Abstract
Aims and Objectives:
Evaluation of neonatal hypernatremia and hypernatremic dehydration in neonates receiving exclusive breastfeeding.
Introduction:
Neonatal hypernatremia is a serious condition in the newborn period. We present infants with hypernatremic dehydration due to breast milk (BM) hypernatremia. Hypernatremic dehydration in breast-fed newborns is usually secondary to insufficient lactation. We present the neonatal hypernatremia and hypernatremic dehydration encountered between January and December, 2012, its causes and treatment.
Methodology:
This was a retrospective study. We analyzed records of babies admitted to the Neonatal Intensive Care Unit who were investigated and found to have hypernatremia and whose mother's BM sodium (BM Na) was done.
Inclusion Criteria:
(1) Babies with serum Na >145 meq/l, (2) euglycemia, (3) normocalcemic, (4) no clinical and lab evidence of sepsis, (5) exclusive breast feeds.
Exclusion Criteria:
Neonates not satisfying any mentioned criterion.
Results:
BM Na correlated strongly with neonatal hypernatremia in exclusively breast-fed babies who did not otherwise have any risk factor.
Conclusion:
Elevated BM Na is an important etiological factor in neonatal hypernatremia.

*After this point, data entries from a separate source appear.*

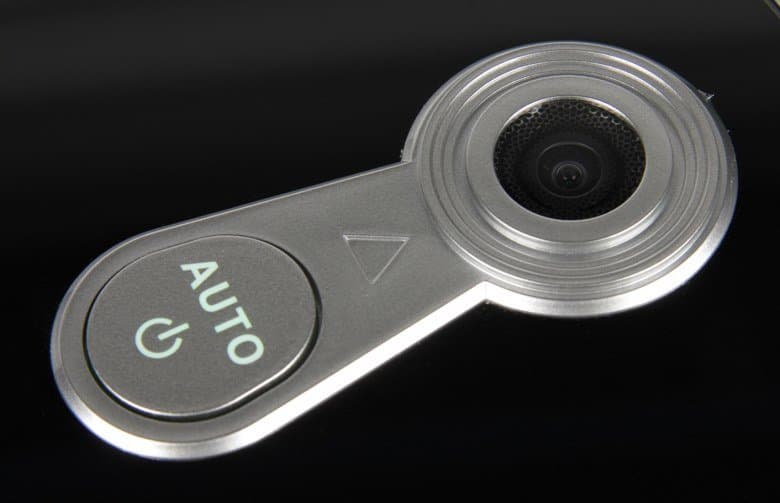 В зависимости от текущего состояния этот индикатор светится или мигает зеленым, оранжевым или красным. Яркость индикатора невысокая, в освещенном помещении из-за отблесков на серебристой поверхности кнопки сложно рассмотреть, что именно показывает индикатор. Дополнительно о своем состоянии робот информирует с помощью коротких и не очень громких звуковых сигналов и плохоразборчивых сообщений на английском языке. Отключить звуковое оповещение нельзя. Перед кнопкой есть глазок направленной вверх камеры, прикрытый защитным минеральным стеклом.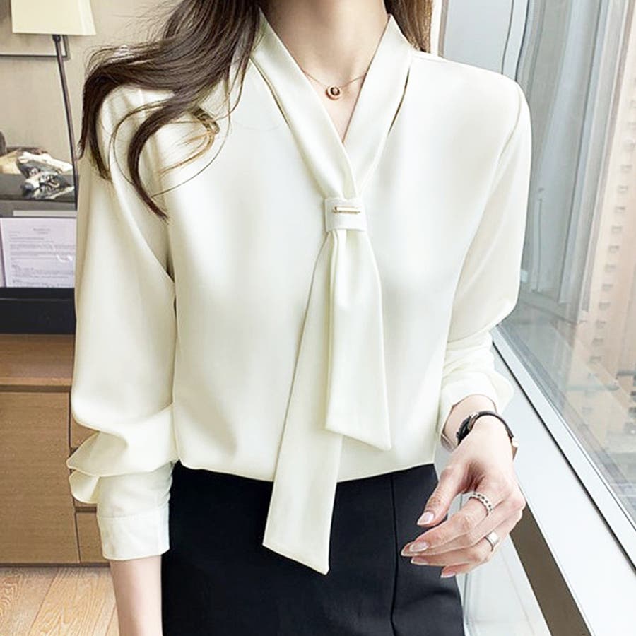 #ブラウス/#Vネック/#レース/#シフォン/#韓国/#エレガント/#大人/#オフィスカジュアル/#ボウタイ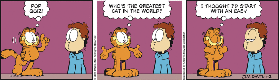 Garfield: Pop quiz! Who's the greatest cat in the world? I thought I'd start with an easy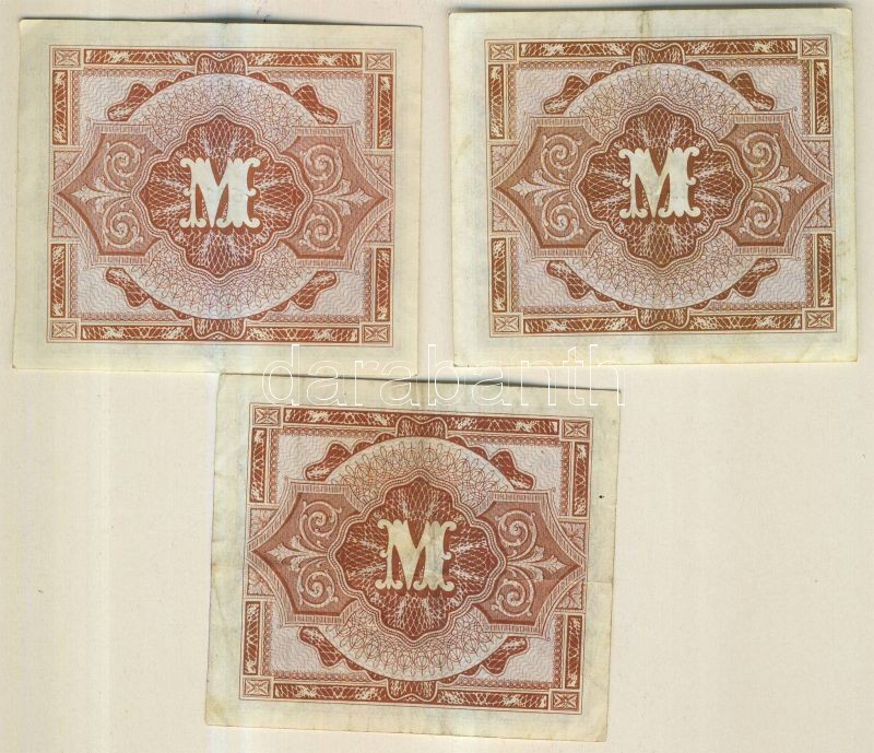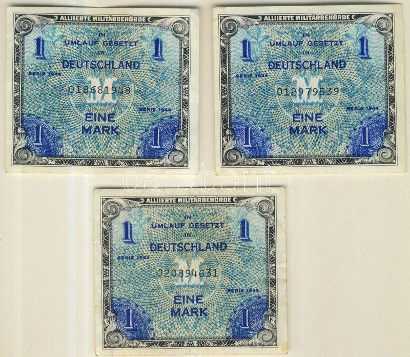 Beschreibung: Németország szövetségi megszállás alatt 1944. 1M (3x) USA-nyomat kilencjegyű sorszámmal T:II,III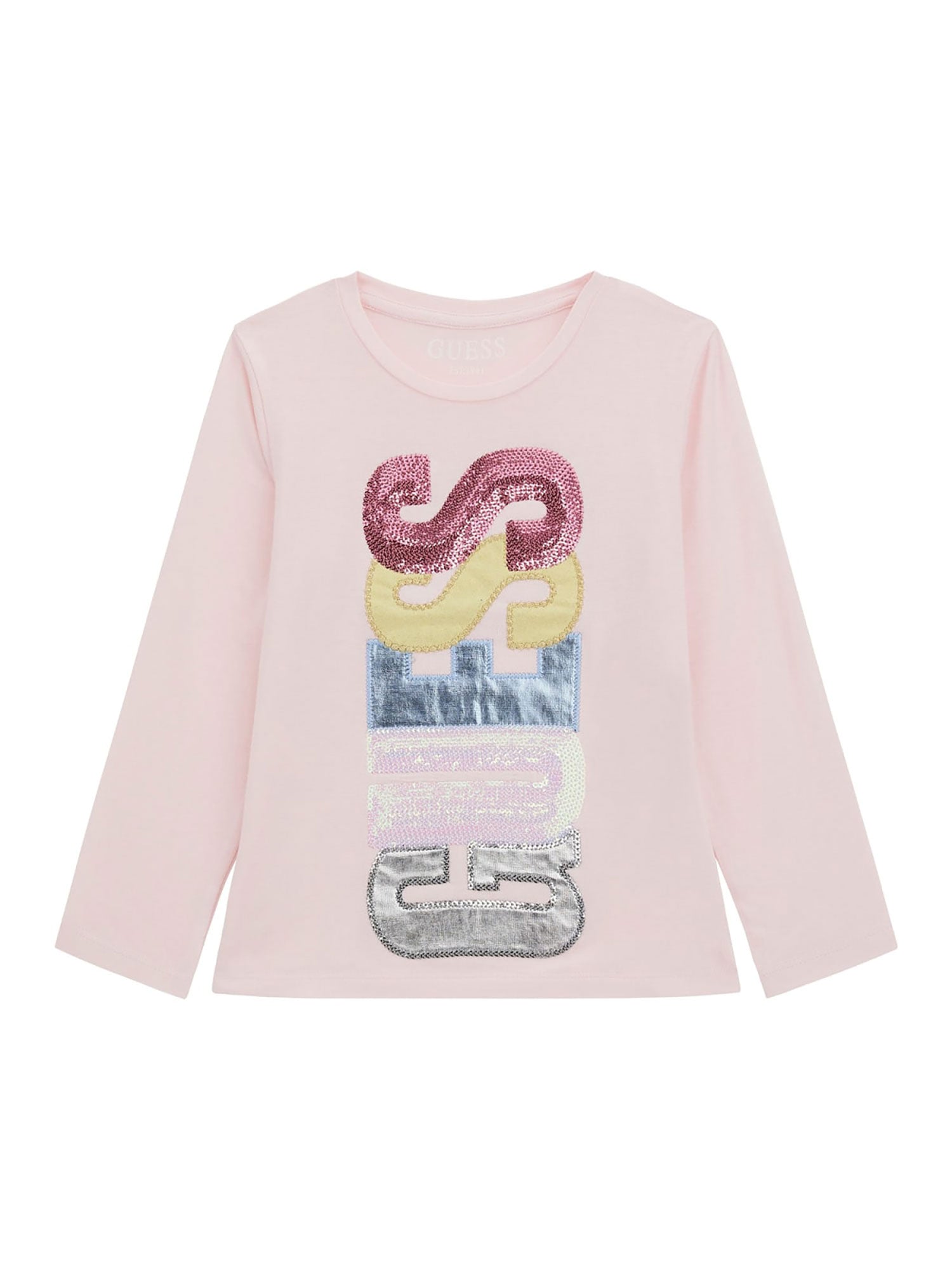 T-shirt Guess, modello a manica lunga, con collo tondo e dettagli paillettes su parte frontale.

Keywords: Breast milk sodium, exclusive breastfeeding, neonatal hypernatremia
Introduction
Neonatal hypernatremia is a potentially lethal condition and is associated with cerebral edema, intracranial hemorrhage, hydrocephalus, and gangrene.[1] Hypernatremia was previously thought to be unusual in breast-fed babies. Nevertheless, from 1979 to 1989, there were sporadic reports of hypernatremia dehydration occurring in breast-fed babies.[2,3,4,5,6] Since 1990s, there has been an increase in the number of breastfed infants reported to have hypernatremia and hypernatremic dehydration. The condition carries an acute morbidity and mortality.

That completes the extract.